Before POSNER, Chief Judge, and CUDAHY and RIPPLE, Circuit Judges.

POSNER, Chief Judge.

A probationary Chicago police officer fired on grounds of having sexually harassed female probationers at the police training academy sued the police superintendent under 42 U.S.C. § 1983. The basis of the suit was the ex-officer's claim that firing him on such a ground has prevented him from obtaining other employment as a police officer and by doing this has curtailed his liberty of employment without due process because, being merely a probationer, he was not granted a hearing before (or for that matter after) he was fired. The district court granted summary judgment for the superintendent.

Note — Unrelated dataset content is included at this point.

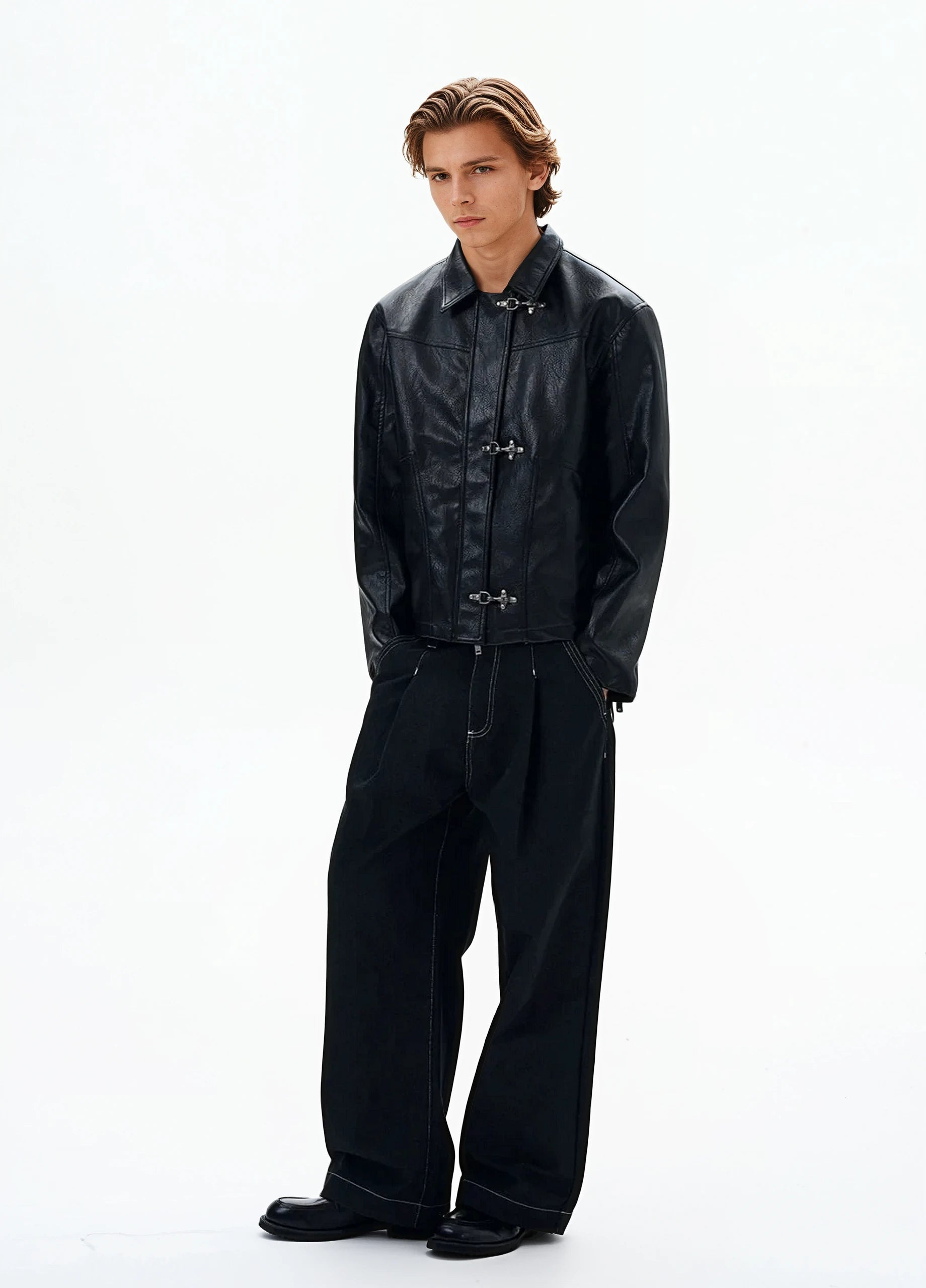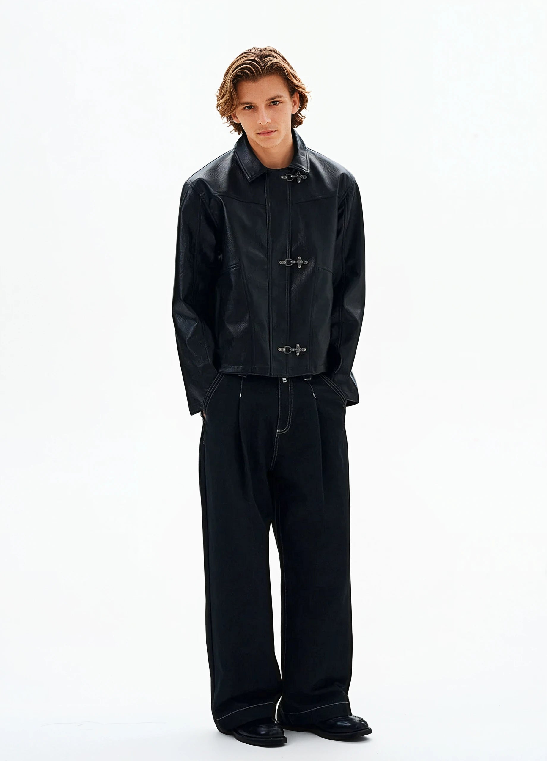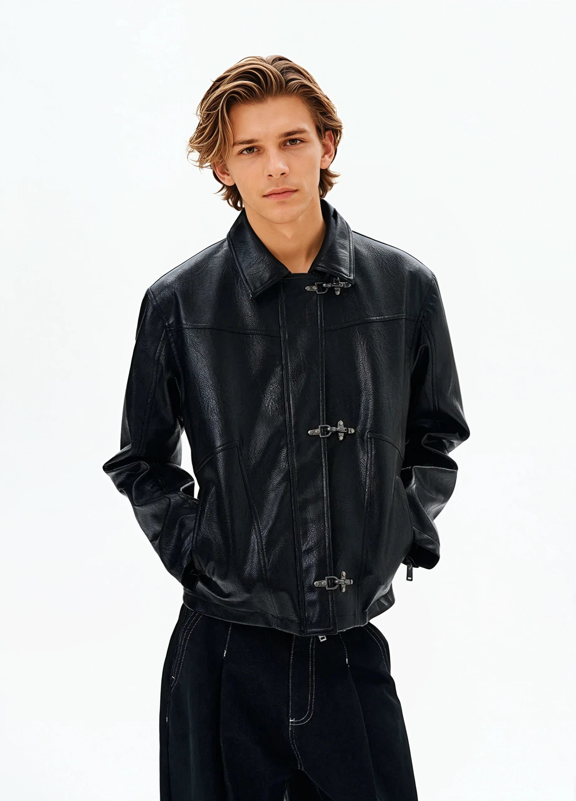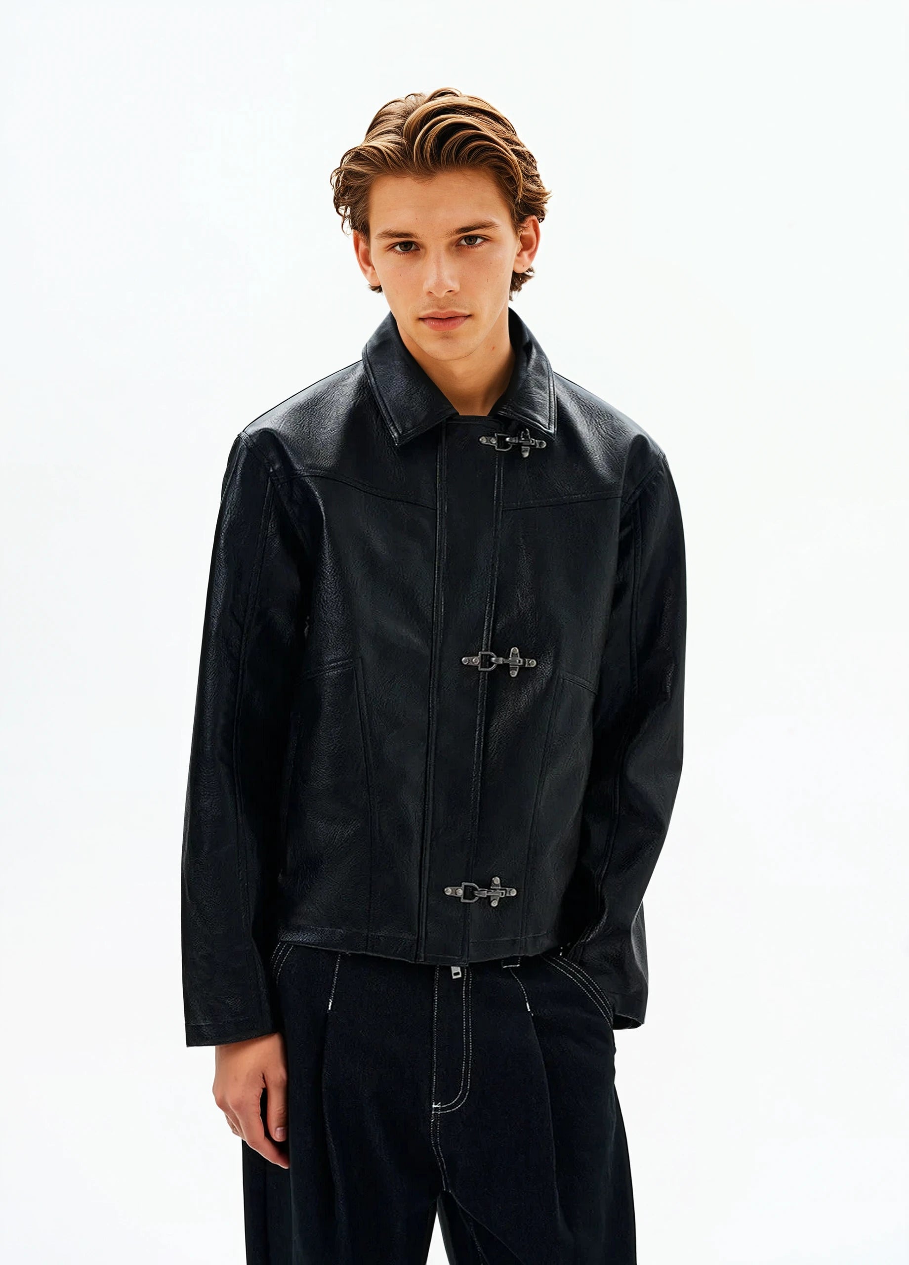 Fireman Buckle Mid-Crop Faux Leather Jacket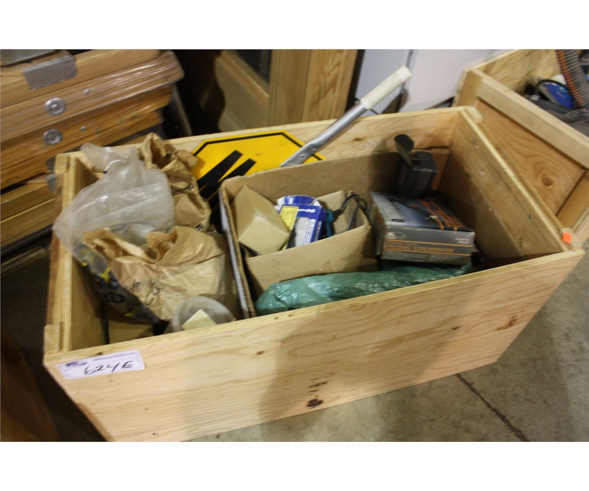 BOX OF ASSORTED CONSTRUCTION SUPPLIES

A line of cases that reaches back to Joint Anti-Fascist Refugee Comm. v. McGrath, 341 U.S. 123, 71 S.Ct. 624, 95 L.Ed. 817 (1951), establishes that although defamation by a public officer is not a constitutional tort, because the interest that it invades, the interest in reputation, is not deemed liberty or property within the meaning of the due process clauses of the Constitution, Paul v. Davis, 424 U.S. 693, 701, 96 S.Ct. 1155, 1160, 47 L.Ed.2d 405 (1976); Dishnow v. School District, 77 F.3d 194, 199 (7th Cir.1996), when the character and circumstances of the defamation are such as to have "foreclose[d] his freedom to take advantage of other employment opportunities" he can bring a suit based on the deprivation of his liberty of employment or occupation. Paul v. Davis, supra, 424 U.S. at 710, 96 S.Ct. at 1164 quoting Board of Regents v. Roth, 408 U.S. 564, 573, 92 S.Ct. 2701, 2707, 33 L.Ed.2d 548 (1972); see also, e.g., Bigby v. City of Chicago, 766 F.2d 1053, 1057 (7th Cir.1985); Colaizzi v. Walker, 812 F.2d 304, 307 (7th Cir.1987); Johnson v. Martin, 943 F.2d 15, 16 (7th Cir.1991). The classic case of this type, illustrated by McGrath itself, is a government blacklist, which when circulated or otherwise publicized to prospective employers effectively excludes the blacklisted individual from his occupation, much as if the government had yanked the license of an individual in an occupation that requires licensure. See Board of Regents v. Roth, supra, 408 U.S. at 573-74, 92 S.Ct. at 2707-08; Colaizzi v. Walker, supra, 812 F.2d at 307. The distinction between mere defamation and an infringement of liberty of occupation is merely one of degree, especially when the defamation relates to a person's fitness for a particular type of employment, but it is a distinction to which the courts are committed.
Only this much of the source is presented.